A Son Rises in the East
“Hide your strength, bide your time, never take the lead” was the advice from Chinese leader Deng Xiaoping in the 1980s but that’s proving to be increasingly difficult considering China’s meteoric rise.
China is an illustrious civilization that invented gunpowder, paper, and printing. However, since the Renaissance it has been overshadowed technologically and militarily by the West. The Century of Humiliation from 1839 to 1945 saw British and French forces strong-arm China into permitting opium trading despite its devastating social toll. They have never forgotten, and it is unclear whether they can ever forgive.
Out of this century of struggle and chaos emerged a battle-hardened and deeply ideological cadre of leaders, in particular Mao Zedong, who attempted to enforce a unique version of Leninism with almost no regard for human life. In one example of his many catastrophic policies, the Great Leap Forward resulted in as many as 50 million deaths by starvation with even top officials foraging the countryside for food. While the great purges and ubiquitous threats from the Red Guards failed to usher in a Communist Utopia, dissent and critical thinking became a foreign concept for several generations.
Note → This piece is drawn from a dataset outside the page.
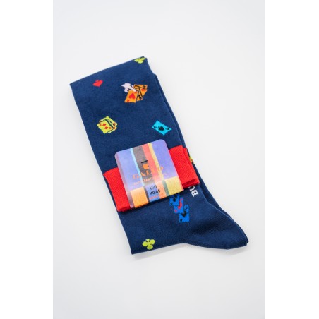 Calze lunghe realizzate in cotone leggero, con piccole carte da gioco ricamate. Fascetta, tallone e punta con colori a contrasto. Sono le calze perfette da abbinare ad ogni look. Gallo è qualità Made in Italy e eccellenza dal 1927.
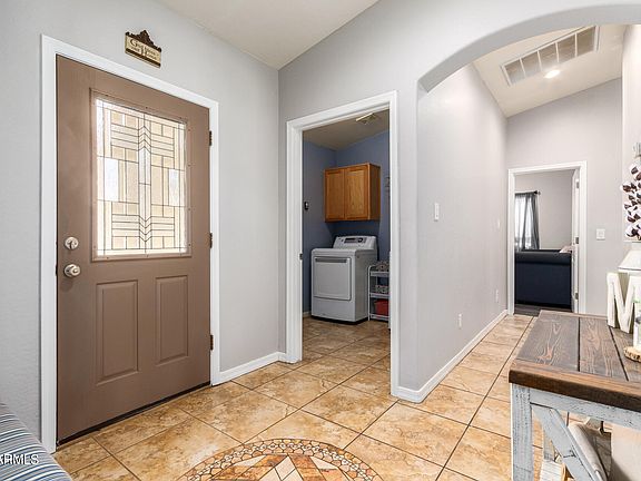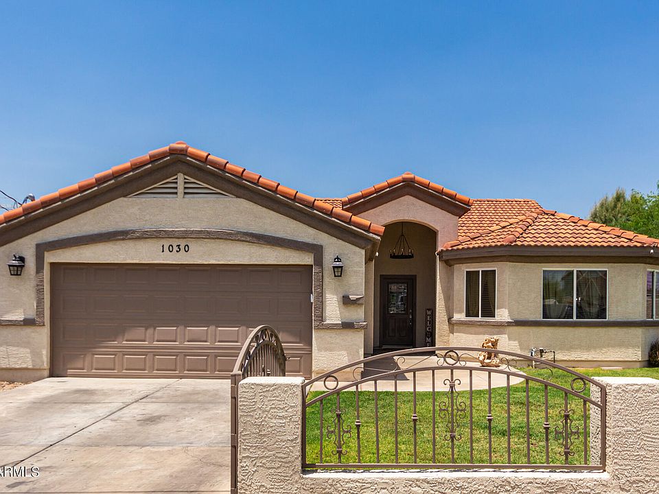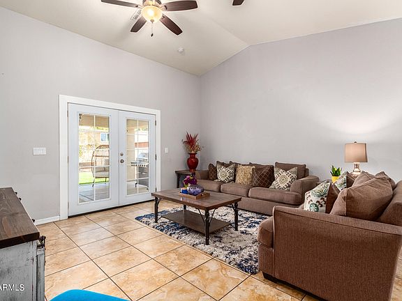 This home has a spacious front yard, a 2-car garage, and RV gate. Inside, you'll find vaulted high ceilings, tile flooring, & a well-sized living room. Eat-in kitchen, recessed lighting, plenty of white cabinets w/crown moulding, Stainless steel appliances, granite counters, & an island with a breakfast bar. The Master bedroom features wood-look flooring, a walk-in closet, & an ensuite with a granite countertop. The big backyard ready for you to hangout for fall weather has a covered patio, artificial turf, a cozy gazebo, & a seating area with a fire pit. Gazebo and fire pit furniture will stay if buyer wants to keep. Centrally located, 2.9 miles to downtown's Footprint Center & easy freeway access. Seller concessions available and home warranty paid by seller. Seller is the listing agent.

Princeling Xi Jinping was only 10 years old when his father Xi Zhongxun, Vice-Premier and Standing Member of the CCP Central Committee, was purged and eventually imprisoned. At 15, Xi left Beijing to live in a cave in Shaanxi Province and later pursued Chemical Engineering at Tsinghua University. He quietly rose through the ranks of the CCP after Deng Xiaoping became Chairman and rehabilitated the purged loyalists, including his father.
Deng Xiaoping abandoned Communism in all but it’s central authoritarianism. He opened up China economically and culturally and many Western observers started counting the days until China would become a liberal democracy. But China had already observed the Achilles Heel of liberalism, namely addiction and its softer variant vice, and they were determined to avoid any pitfalls that could jeopardize their return to greatness. The first indication that China would eschew liberalization was the crackdown on students in Tiananmen Square in 1989.
This and other warning signs were ignored. There was just too much money to be made. The West believed they were getting a free lunch by exploiting China’s broken economic system with cheap labor and easy access to large markets. ?But in turn, China was deliberately exploiting the biggest flaws in Western strategy: short-term thinking and openness.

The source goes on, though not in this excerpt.